Let's take a look at a few more examples to see how the best subsets and stepwise regression procedures assist us in identifying a final regression model.

Let's return one more time to the cement data example (Cement data set). Recall that the stepwise regression procedure:

Stepwise Selection of Terms
Candidate terms: x1, x2, x3, x4

Terms -----Step 1----- -----Step 2----- -----Step 3----- -----Step 4-----
Coef P Coef P Coef P Coef P
Constant 117.57   103.10   71.6   52.58  
x4 -0.738 0.001 -0.6140 0.000 -0.237 0.205    
x1     1.440 0.000 1.452 0.000 1.468 0.000
x2         0.416 0.052 0.6623 0.000
 
S   8.96390   2.73427   2.30874   2.40634
R-sq   67.45%   97.25%   98.23%   97.44%
R-sq(adj)   64.50%   96.70%   97.64%   97.44%
R-sq(pred)   56.03%   95.54%   96.86%   96.54%
Mallows' Cp   138.73   5.50   3.02   2.68

\(\alpha\) to enter =0.15, \(\alpha\) to remove 0.15

yielded the final stepwise model with y as the response and \(x_1\) and \(x_2\) as predictors.
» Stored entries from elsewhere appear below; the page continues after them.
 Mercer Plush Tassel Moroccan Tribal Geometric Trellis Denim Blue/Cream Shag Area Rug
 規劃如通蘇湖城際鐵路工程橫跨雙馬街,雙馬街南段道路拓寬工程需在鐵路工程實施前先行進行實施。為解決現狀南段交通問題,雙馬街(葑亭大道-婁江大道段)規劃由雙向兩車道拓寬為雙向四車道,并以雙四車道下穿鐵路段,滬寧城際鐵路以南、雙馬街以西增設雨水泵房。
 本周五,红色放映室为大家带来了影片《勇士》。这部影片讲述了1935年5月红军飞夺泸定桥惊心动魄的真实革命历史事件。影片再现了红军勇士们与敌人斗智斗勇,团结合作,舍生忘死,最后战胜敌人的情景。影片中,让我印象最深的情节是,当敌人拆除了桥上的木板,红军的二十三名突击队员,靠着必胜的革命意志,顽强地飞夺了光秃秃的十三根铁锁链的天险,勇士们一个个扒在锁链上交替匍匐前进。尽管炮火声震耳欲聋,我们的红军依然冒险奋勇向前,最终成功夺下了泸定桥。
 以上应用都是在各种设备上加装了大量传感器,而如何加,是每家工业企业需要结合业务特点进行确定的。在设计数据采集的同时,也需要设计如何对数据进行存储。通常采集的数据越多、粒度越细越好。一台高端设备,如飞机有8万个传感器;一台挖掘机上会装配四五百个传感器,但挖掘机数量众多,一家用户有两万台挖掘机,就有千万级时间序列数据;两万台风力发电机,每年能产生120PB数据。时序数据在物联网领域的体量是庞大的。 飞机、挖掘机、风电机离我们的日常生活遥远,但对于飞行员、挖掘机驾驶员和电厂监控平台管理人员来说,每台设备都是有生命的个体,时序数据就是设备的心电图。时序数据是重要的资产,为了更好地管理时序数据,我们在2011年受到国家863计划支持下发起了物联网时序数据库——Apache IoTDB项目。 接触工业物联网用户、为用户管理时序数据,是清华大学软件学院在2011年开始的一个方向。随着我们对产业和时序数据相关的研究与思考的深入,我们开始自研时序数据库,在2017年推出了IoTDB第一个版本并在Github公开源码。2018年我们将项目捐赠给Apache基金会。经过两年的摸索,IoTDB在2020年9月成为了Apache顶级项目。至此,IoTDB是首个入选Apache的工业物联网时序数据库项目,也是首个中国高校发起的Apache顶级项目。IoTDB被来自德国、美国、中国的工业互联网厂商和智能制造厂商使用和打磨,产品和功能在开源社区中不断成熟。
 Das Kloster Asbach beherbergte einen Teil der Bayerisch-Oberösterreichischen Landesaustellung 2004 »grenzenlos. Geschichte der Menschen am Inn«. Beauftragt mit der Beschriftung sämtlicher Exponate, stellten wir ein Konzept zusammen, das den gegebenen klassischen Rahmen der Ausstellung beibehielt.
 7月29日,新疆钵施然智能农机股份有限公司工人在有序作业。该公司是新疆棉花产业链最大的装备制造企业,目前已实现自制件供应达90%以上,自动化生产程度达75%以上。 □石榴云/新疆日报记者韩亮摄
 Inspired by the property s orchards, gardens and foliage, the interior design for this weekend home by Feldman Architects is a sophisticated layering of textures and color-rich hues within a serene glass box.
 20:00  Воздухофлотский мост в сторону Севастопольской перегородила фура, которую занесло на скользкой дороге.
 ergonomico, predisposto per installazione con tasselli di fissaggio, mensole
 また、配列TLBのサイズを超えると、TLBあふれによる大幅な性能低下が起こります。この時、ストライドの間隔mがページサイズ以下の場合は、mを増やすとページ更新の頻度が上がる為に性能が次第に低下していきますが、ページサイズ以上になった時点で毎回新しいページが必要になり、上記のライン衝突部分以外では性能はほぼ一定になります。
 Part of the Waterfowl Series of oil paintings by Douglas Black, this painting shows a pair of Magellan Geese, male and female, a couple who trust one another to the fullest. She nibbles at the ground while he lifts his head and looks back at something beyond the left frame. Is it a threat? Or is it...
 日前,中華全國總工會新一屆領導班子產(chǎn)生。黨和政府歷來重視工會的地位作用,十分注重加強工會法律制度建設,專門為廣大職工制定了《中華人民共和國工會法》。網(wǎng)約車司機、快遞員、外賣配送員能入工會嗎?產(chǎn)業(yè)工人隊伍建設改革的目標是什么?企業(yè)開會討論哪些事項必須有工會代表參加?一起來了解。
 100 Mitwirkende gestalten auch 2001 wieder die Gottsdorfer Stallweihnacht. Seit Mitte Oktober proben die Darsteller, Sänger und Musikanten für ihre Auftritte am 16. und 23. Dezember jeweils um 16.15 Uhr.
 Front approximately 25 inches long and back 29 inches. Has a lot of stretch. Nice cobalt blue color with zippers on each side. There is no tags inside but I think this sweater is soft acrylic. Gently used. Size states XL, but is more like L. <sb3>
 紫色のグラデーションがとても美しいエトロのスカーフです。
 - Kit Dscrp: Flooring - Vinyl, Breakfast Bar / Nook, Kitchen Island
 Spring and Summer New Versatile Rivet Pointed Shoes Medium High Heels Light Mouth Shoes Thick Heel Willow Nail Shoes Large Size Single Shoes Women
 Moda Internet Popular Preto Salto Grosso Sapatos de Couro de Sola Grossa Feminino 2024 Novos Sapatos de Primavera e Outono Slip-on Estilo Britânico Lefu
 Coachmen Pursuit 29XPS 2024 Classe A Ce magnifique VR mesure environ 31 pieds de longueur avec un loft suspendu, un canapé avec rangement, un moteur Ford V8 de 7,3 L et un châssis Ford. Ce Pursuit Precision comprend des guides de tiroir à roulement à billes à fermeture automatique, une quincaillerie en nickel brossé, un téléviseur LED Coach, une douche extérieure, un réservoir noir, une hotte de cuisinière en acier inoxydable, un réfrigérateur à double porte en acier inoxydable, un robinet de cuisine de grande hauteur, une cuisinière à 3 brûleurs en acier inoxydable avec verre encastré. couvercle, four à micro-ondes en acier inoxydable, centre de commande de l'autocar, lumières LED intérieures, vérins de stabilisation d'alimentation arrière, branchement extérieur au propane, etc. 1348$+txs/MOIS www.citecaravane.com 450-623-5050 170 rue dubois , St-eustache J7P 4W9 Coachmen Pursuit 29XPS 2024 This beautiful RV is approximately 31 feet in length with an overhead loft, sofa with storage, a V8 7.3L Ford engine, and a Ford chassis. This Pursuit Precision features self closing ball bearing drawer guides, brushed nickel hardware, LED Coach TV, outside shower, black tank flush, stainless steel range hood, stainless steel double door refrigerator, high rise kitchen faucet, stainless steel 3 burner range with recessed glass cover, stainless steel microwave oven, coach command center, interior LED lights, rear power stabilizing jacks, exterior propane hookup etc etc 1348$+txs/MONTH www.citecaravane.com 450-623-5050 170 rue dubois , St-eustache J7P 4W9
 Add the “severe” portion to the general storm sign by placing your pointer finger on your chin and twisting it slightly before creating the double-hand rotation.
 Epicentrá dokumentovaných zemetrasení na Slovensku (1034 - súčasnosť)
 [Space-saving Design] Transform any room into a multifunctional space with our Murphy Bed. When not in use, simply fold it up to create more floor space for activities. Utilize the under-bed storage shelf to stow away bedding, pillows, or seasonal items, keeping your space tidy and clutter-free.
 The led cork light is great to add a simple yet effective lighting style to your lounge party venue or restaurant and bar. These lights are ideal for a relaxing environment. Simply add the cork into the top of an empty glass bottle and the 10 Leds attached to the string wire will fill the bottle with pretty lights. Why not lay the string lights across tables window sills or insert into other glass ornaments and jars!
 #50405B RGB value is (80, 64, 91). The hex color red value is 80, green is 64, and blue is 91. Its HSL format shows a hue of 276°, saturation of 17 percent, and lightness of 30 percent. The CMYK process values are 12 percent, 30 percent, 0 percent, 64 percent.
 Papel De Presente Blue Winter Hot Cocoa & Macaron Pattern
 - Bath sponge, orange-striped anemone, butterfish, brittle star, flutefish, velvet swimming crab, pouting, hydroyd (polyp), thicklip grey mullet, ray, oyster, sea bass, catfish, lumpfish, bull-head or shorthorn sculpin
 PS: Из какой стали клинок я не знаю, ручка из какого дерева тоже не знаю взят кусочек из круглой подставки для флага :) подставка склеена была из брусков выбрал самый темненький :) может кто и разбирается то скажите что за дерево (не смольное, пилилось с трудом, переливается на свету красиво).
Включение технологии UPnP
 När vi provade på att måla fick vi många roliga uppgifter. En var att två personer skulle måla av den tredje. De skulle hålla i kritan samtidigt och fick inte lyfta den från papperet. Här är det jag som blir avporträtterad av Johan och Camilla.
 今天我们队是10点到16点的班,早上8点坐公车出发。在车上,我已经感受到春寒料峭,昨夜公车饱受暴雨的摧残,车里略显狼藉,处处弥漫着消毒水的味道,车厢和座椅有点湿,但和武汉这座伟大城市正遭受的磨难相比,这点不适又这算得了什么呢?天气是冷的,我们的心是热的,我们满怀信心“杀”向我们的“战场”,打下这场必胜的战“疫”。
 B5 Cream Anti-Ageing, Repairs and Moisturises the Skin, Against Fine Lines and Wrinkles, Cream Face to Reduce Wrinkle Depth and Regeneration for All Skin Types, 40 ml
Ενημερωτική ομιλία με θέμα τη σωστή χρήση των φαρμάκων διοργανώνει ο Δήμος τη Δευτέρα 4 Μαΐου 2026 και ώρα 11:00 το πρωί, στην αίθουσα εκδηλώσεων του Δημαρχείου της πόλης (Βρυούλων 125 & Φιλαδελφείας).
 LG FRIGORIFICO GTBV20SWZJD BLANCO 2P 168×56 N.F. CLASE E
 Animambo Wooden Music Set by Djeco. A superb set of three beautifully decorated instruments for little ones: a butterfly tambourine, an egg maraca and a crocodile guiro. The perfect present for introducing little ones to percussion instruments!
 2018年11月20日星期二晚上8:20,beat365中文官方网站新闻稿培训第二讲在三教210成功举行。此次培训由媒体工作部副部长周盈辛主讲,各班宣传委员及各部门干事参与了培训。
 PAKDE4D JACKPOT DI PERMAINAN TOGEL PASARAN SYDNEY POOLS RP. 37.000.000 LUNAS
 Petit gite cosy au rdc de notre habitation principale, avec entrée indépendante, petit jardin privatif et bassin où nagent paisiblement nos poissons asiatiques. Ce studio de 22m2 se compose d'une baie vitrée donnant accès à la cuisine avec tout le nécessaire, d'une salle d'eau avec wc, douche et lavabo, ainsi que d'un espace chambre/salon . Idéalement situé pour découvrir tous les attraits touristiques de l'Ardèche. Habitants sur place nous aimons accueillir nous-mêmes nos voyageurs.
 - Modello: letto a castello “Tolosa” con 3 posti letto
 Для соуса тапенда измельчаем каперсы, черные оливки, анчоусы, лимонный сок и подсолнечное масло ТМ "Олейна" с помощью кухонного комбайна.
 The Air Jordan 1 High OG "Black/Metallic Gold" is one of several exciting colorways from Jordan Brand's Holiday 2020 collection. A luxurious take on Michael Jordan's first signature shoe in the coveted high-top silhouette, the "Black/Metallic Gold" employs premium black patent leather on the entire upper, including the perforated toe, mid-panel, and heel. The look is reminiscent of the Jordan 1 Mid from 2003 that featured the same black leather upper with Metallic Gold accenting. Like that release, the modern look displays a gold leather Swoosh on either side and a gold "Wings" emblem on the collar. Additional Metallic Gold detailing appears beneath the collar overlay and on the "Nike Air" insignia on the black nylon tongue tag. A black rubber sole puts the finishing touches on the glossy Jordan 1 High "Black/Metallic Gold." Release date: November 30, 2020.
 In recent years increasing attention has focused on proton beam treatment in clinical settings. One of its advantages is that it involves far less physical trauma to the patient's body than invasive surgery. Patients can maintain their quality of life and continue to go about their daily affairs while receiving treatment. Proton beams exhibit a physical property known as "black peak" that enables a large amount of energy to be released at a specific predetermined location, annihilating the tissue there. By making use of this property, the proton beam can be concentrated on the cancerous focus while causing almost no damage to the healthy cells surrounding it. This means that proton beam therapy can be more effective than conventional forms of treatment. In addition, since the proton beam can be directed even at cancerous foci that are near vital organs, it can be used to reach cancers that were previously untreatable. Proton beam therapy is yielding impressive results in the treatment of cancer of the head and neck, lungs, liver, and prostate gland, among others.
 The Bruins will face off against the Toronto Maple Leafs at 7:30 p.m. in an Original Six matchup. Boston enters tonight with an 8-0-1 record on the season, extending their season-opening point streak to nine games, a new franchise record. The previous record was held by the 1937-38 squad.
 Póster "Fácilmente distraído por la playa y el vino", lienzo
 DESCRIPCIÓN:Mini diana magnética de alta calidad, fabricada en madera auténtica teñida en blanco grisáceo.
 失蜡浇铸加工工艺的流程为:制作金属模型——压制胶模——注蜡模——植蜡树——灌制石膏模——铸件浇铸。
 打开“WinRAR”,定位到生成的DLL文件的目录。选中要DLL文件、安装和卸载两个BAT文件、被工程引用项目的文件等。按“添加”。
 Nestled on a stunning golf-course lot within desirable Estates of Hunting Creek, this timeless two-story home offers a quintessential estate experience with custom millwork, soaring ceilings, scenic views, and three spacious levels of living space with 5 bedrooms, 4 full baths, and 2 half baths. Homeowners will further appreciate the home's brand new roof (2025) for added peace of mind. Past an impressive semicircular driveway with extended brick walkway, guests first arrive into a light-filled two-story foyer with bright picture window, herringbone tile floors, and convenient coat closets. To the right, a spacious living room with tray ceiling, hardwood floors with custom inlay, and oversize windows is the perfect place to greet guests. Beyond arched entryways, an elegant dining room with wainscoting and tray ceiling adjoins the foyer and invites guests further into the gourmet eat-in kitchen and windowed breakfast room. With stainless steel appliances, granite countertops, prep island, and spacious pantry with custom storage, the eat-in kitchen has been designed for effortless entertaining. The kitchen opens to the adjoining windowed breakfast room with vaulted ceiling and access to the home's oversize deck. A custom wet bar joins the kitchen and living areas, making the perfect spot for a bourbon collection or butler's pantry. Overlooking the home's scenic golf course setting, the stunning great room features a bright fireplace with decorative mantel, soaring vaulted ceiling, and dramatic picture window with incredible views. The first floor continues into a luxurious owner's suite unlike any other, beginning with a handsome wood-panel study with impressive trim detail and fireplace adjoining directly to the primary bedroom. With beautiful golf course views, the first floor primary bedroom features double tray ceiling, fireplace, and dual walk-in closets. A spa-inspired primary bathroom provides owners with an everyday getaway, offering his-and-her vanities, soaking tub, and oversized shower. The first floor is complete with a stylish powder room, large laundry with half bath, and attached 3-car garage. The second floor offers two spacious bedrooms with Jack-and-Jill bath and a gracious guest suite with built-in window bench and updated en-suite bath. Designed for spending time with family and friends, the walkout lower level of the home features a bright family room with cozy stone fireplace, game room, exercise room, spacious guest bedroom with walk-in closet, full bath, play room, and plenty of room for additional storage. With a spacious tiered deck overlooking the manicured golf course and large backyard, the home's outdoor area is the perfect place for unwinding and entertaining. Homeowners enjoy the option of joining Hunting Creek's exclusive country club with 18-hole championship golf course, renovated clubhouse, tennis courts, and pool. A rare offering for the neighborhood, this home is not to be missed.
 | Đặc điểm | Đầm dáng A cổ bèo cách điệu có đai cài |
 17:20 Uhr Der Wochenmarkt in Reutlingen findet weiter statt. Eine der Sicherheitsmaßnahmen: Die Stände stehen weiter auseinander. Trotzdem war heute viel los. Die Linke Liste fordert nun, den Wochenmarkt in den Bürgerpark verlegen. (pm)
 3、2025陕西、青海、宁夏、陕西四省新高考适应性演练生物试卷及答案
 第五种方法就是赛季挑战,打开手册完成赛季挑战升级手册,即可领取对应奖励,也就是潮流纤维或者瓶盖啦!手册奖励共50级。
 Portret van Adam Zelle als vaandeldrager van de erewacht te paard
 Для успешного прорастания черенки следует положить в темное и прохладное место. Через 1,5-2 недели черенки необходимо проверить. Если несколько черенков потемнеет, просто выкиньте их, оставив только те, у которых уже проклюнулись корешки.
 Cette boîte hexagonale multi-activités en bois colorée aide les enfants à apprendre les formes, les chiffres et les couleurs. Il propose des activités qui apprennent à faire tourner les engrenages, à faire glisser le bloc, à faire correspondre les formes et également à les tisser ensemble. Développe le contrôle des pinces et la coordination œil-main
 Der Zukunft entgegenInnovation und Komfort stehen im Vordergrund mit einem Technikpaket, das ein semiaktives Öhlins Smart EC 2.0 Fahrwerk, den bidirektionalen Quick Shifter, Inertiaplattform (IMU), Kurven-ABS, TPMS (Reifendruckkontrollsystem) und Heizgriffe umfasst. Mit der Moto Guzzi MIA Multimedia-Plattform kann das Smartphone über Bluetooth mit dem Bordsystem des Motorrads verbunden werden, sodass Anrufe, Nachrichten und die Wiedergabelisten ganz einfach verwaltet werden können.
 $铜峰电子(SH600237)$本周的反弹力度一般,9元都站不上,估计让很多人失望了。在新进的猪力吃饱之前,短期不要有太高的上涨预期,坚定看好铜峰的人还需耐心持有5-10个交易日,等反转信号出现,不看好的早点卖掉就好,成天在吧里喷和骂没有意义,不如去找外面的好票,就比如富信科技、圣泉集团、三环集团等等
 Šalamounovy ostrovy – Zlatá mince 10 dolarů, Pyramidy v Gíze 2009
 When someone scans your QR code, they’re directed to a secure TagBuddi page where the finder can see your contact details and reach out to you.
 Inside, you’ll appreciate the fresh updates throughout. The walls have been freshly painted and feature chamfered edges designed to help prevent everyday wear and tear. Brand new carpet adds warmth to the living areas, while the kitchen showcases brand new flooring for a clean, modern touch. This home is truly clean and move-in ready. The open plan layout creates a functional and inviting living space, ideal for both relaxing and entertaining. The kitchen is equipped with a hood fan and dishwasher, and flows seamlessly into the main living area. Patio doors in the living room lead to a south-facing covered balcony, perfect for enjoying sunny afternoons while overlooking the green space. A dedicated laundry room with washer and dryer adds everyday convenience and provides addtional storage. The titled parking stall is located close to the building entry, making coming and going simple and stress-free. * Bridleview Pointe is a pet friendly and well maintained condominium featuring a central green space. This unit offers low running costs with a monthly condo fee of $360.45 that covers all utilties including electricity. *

The best subsets regression procedure:

Best Subsets Regressions: y versus x1, x2, x3, x4

Response is y

Vars R-Sq R-Sq
(adj)
R-Sq
(pred)
Mallows
Cp
S x x x x
1 2 3 4
1 67.5 64.5 56.0 138.7 8.9639       X
1 66.6 63.6 55.7 142.5 9.0771   X    
2 97.9 97.4 96.5 2.7 2.4063 X X    
2 97.2 96.7 95.5 5.5 2.7343 X     X
3 98.2 97.6 96.9 3.0 2.3087 X X   X
3 98.2 97.6 96.7 3.0 2.3121 X X X  
4 98.2 97.4 95.9 5.0 2.4460 X X X X

yields various models depending on the different criteria:

  • Based on the \(R^{2} \text{-value}\) criterion, the "best" model is the model with the two predictors \(x_1\) and \(x_2\).
  • Based on the adjusted \(R^{2} \text{-value}\) and MSE criteria, the "best" model is the model with the three predictors \(x_1\), \(x_2\), and \(x_4\).
  • Based on the \(C_p\) criterion, there are three possible "best" models — the model containing \(x_1\) and \(x_2\); the model containing \(x_1\), \(x_2\) and \(x_3\); and the model containing \(x_1\), \(x_2\) and \(x_4\).

So, which model should we "go with"? That's where the final step — the refining step — comes into play. In the refining step, we evaluate each of the models identified by the best subsets and stepwise procedures to see if there is a reason to select one of the models over the other. This step may also involve adding interaction or quadratic terms, as well as transforming the response and/or predictors. And, certainly, when selecting a final model, don't forget why you are performing the research, to begin with — the reason may choose the model obviously.

Well, let's evaluate the three remaining candidate models. We don't have to go very far with the model containing the predictors \(x_1\), \(x_2\), and \(x_4\) :

Analysis of Variance: y versus x1, x2, x4

Source DF Adj SS  Adj MS F-Value P-Value
Regression 3 2667.79 889.263 166.83 0.000
x1 1 820.91 820.907 154.01 0.000
x2 1 26.79 26.789 5.03 0.052
x4 1 9.93 9.932 1.86 0.205
Error 9 47.97 5.330    
Total 12 2715.76      

Model Summary

S R-sq R-sq(adj) R-sq(pred)
2.30874 98.23% 97.64% 96.86%

Coefficients

Term Coef SE Coef T-Value P-Value VIF
Constant 71.6 14.1 5.07 0.001  
x1 1.452 0.117 12.41 0.000 1.07
x2 0.416 0.186 2.24 0.052 18.78
x4 -0.237 0.173 -1.37 0.205 18.94

Regression Equaation

y = 71.6 + 1.452 x1 + 0.416 x2 - 0.237 x4

We'll learn more about multicollinearity in Lesson 12, but for now, all we need to know is that the variance inflation factors of 18.78 and 18.94 for \(x_2\) and \(x_4\) indicate that the model exhibits substantial multicollinearity. You may recall that the predictors \(x_2\) and \(x_4\) are strongly negatively correlated — indeed, r = -0.973.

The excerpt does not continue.